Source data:
:::::

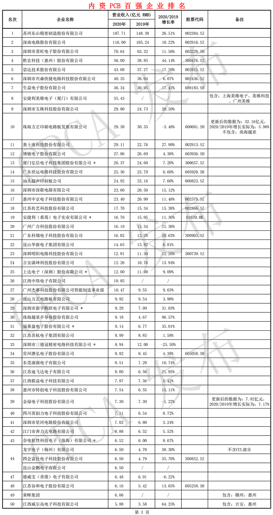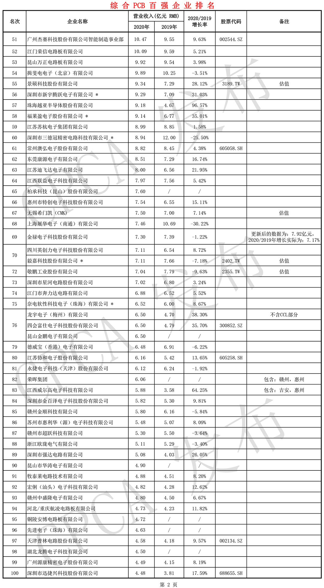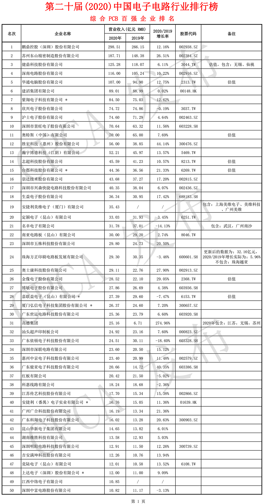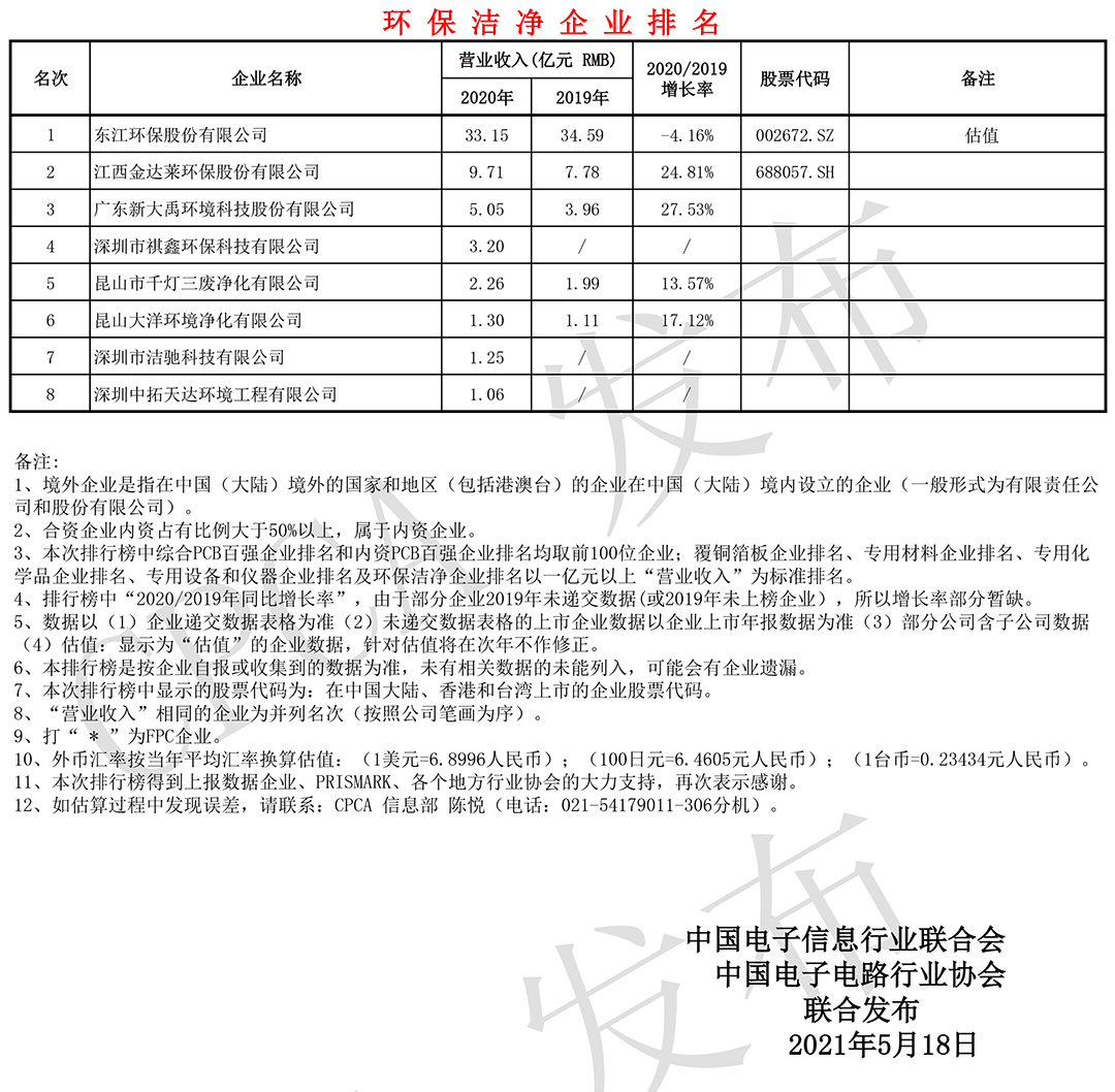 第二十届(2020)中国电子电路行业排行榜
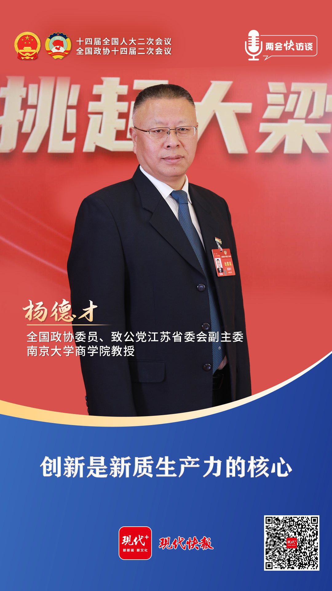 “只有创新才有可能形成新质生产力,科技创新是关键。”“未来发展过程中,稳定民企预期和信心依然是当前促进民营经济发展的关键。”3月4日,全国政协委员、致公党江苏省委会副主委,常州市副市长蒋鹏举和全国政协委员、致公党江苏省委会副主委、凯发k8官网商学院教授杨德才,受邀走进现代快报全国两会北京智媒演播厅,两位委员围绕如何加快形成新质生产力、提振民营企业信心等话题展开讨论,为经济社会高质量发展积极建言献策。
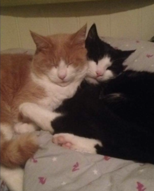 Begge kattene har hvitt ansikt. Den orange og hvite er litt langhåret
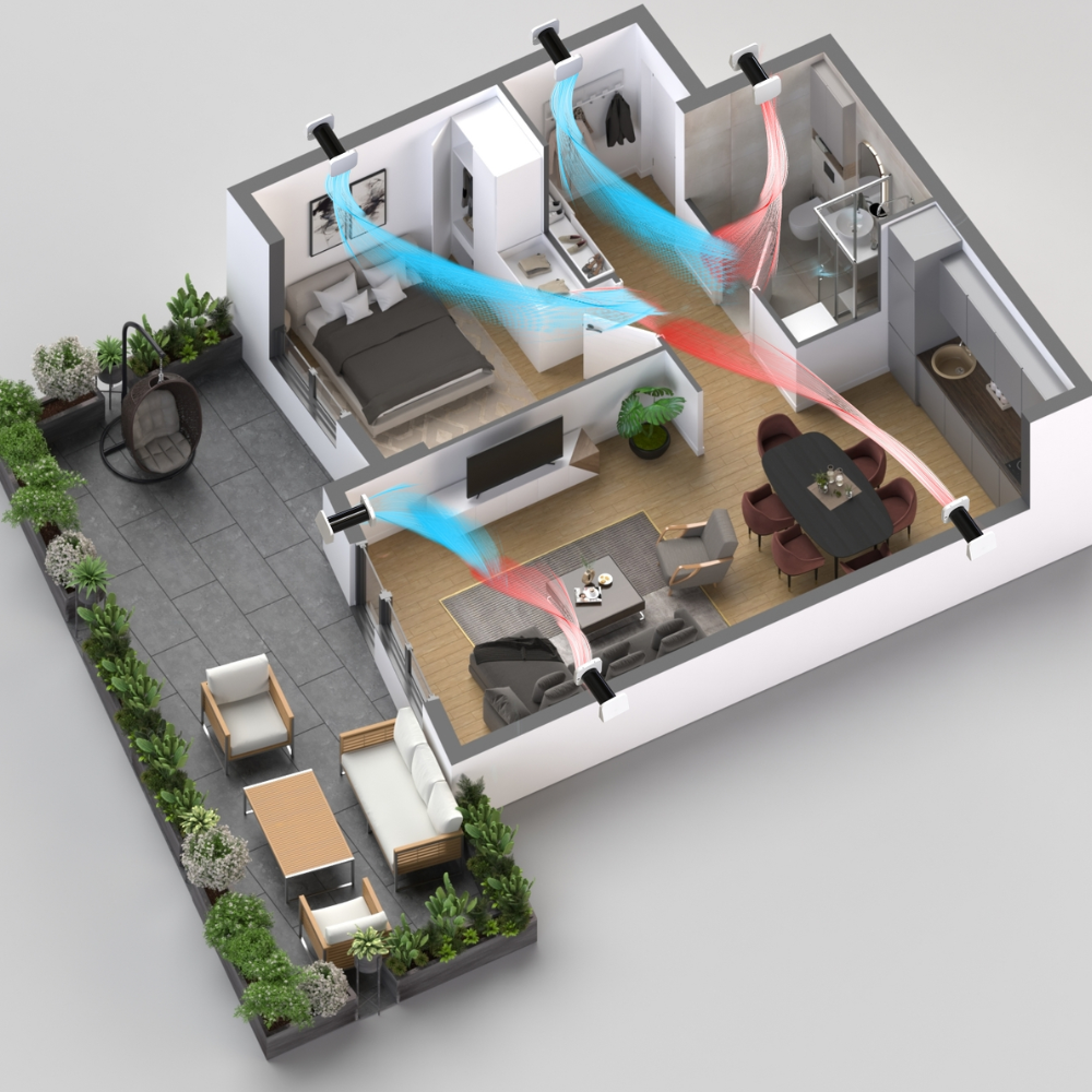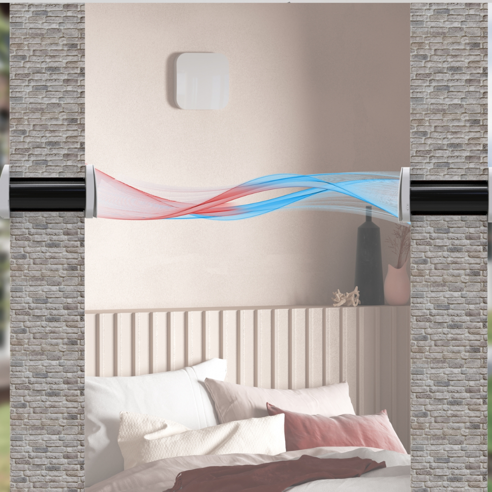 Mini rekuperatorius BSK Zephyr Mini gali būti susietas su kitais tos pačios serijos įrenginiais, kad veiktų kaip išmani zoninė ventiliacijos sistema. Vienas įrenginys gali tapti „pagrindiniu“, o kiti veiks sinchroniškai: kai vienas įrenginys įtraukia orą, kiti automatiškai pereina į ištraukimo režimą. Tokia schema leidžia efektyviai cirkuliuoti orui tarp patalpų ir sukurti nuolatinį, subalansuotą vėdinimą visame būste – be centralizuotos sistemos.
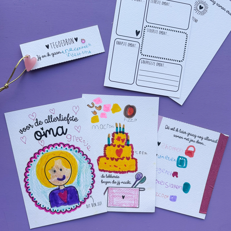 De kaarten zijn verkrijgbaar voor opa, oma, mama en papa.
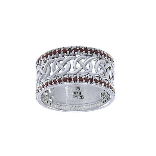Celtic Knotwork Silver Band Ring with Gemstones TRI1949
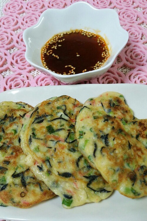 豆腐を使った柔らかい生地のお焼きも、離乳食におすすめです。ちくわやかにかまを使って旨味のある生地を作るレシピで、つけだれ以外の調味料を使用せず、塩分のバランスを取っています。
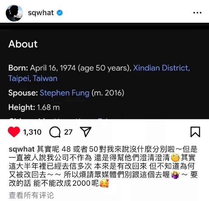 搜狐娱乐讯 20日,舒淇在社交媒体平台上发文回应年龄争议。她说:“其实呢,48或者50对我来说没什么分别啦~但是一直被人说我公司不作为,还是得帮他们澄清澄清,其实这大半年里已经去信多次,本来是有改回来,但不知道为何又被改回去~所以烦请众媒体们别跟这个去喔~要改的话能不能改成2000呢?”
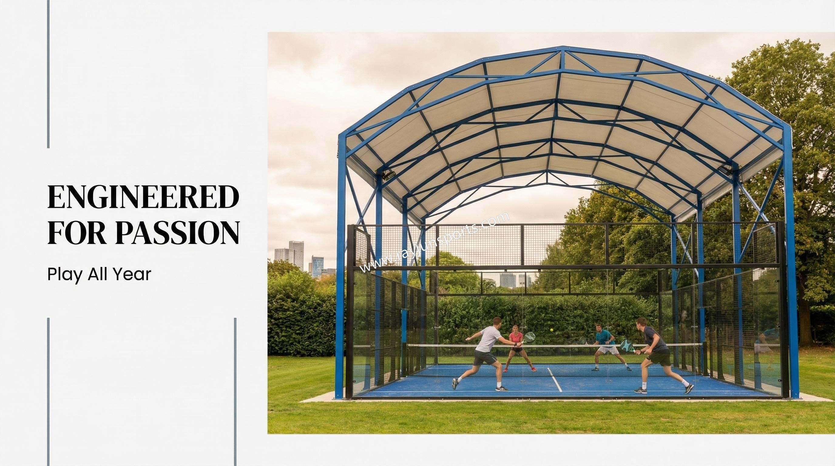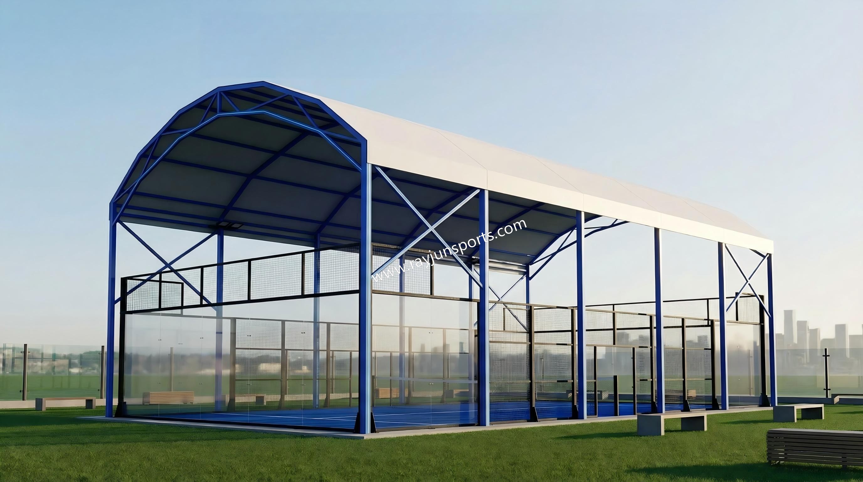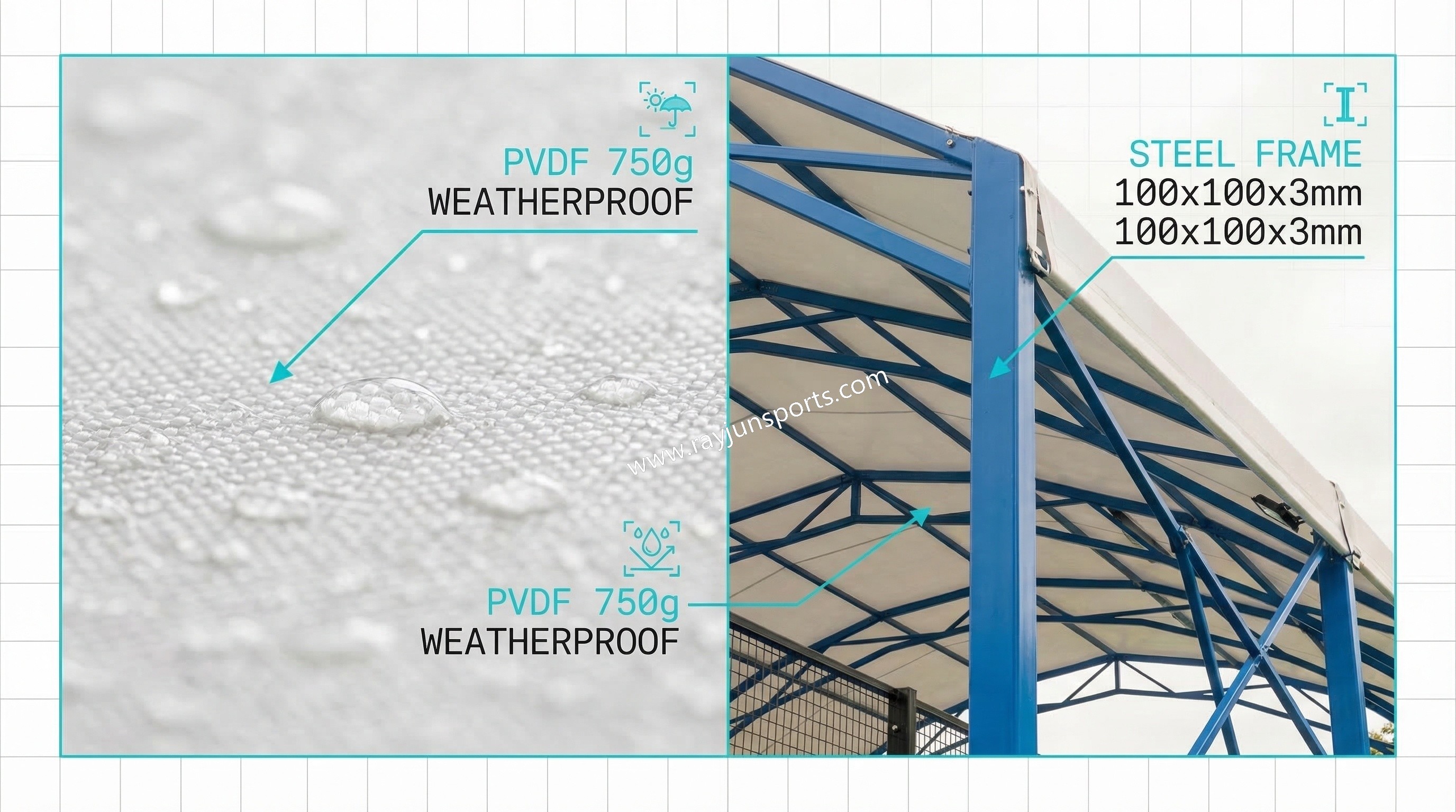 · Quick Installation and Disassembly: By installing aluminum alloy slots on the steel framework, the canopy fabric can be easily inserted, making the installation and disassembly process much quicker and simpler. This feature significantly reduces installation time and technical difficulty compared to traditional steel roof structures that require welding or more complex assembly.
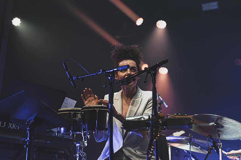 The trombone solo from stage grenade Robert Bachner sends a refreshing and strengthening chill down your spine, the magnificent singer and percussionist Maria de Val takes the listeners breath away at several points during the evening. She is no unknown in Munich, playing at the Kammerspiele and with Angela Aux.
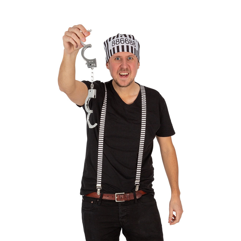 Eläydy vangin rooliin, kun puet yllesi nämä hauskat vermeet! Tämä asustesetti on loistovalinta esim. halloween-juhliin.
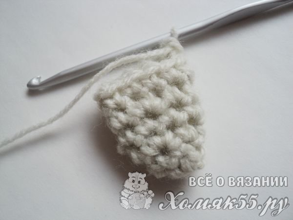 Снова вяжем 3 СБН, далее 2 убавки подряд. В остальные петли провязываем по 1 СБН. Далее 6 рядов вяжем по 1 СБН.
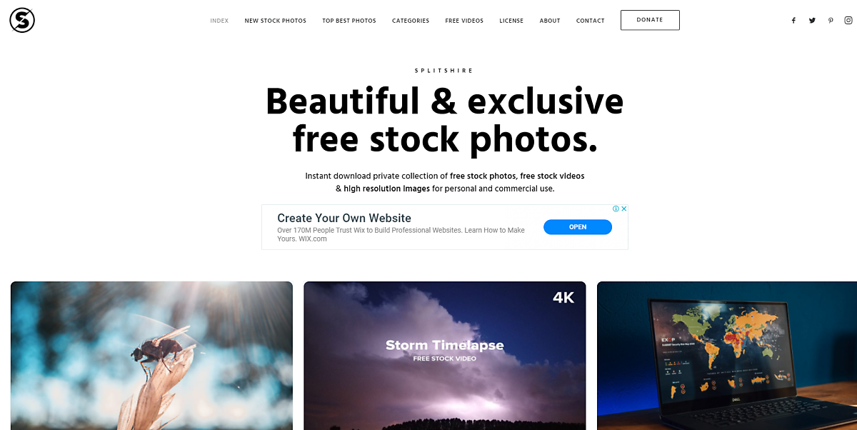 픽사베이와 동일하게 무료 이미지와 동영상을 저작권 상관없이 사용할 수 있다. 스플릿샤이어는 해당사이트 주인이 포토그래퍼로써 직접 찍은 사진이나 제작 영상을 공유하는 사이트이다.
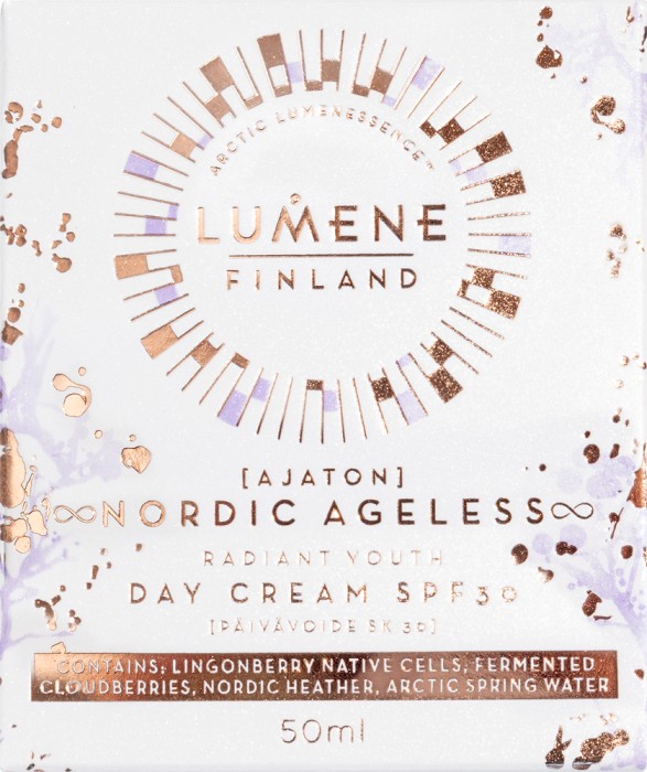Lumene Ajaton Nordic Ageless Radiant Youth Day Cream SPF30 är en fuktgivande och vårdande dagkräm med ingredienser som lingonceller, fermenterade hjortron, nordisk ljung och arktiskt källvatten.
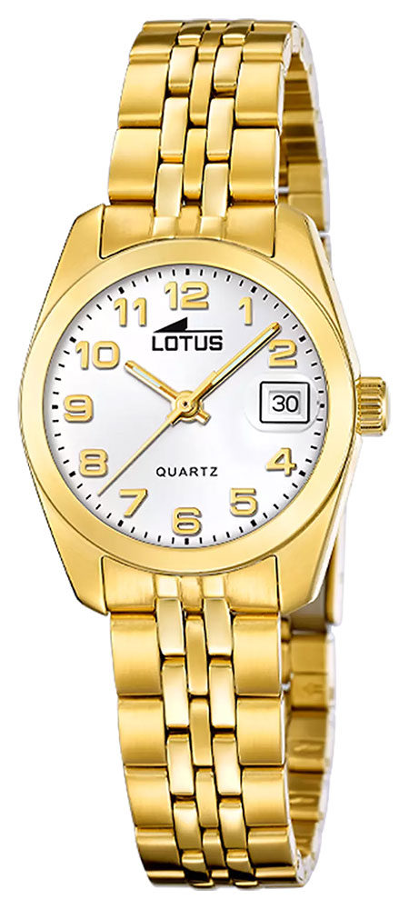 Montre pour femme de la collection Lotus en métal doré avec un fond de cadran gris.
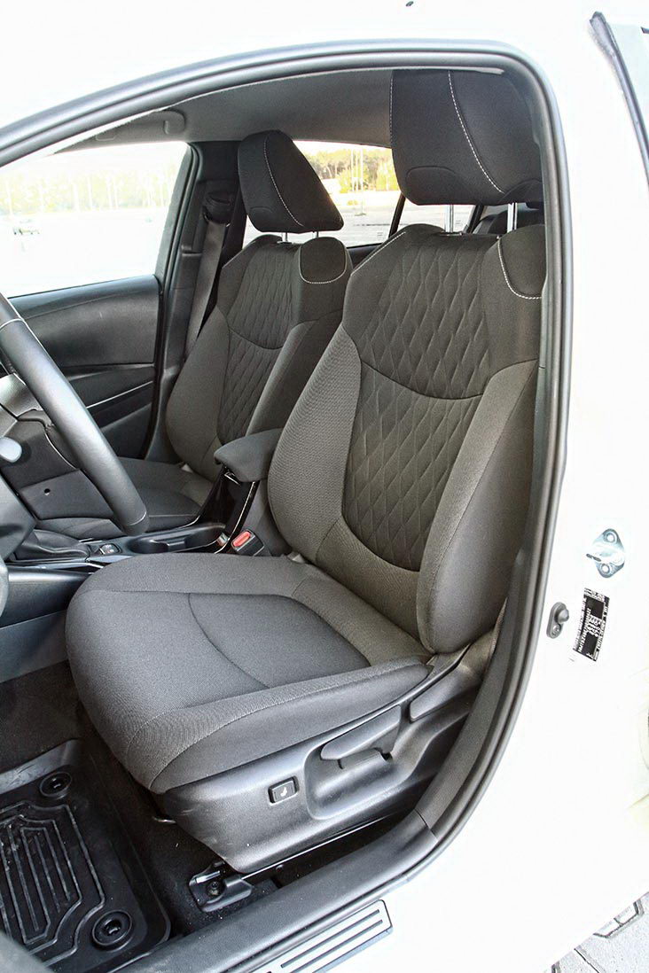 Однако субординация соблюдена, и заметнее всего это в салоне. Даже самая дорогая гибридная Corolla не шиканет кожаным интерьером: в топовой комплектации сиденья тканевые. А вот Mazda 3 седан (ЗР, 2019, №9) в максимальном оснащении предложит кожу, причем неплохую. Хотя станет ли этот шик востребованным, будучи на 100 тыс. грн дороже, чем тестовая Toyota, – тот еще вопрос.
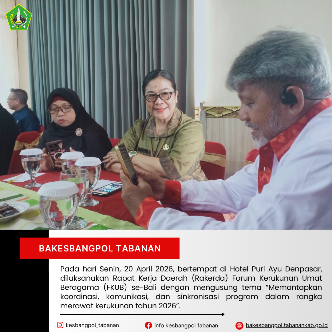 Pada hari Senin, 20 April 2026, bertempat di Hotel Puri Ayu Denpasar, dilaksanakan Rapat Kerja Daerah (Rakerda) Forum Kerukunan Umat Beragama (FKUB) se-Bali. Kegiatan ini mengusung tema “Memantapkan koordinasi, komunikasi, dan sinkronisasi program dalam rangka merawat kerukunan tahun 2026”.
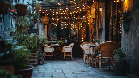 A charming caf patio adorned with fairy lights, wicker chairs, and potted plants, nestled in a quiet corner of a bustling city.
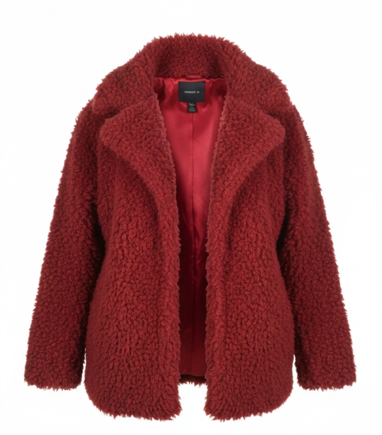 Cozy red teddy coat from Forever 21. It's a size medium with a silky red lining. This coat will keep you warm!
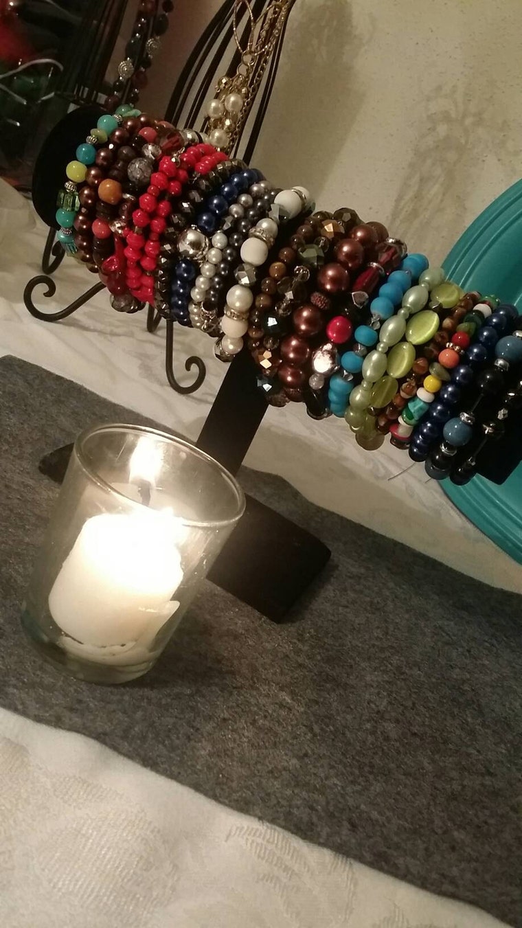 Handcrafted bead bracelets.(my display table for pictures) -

:::::

(EXERCISE DIRECTIONS):
Working from the entries above, reproduce exactly and only the lines beginning with the line that has "Celtic Knotwork Silver" and ending with the line that has "搜狐娱乐讯 20日,舒淇在社"; omit all pictures.

(TASK RESPONSE):
Celtic Knotwork Silver Band Ring with Gemstones TRI1949
 豆腐を使った柔らかい生地のお焼きも、離乳食におすすめです。ちくわやかにかまを使って旨味のある生地を作るレシピで、つけだれ以外の調味料を使用せず、塩分のバランスを取っています。
 搜狐娱乐讯 20日,舒淇在社交媒体平台上发文回应年龄争议。她说:“其实呢,48或者50对我来说没什么分别啦~但是一直被人说我公司不作为,还是得帮他们澄清澄清,其实这大半年里已经去信多次,本来是有改回来,但不知道为何又被改回去~所以烦请众媒体们别跟这个去喔~要改的话能不能改成2000呢?”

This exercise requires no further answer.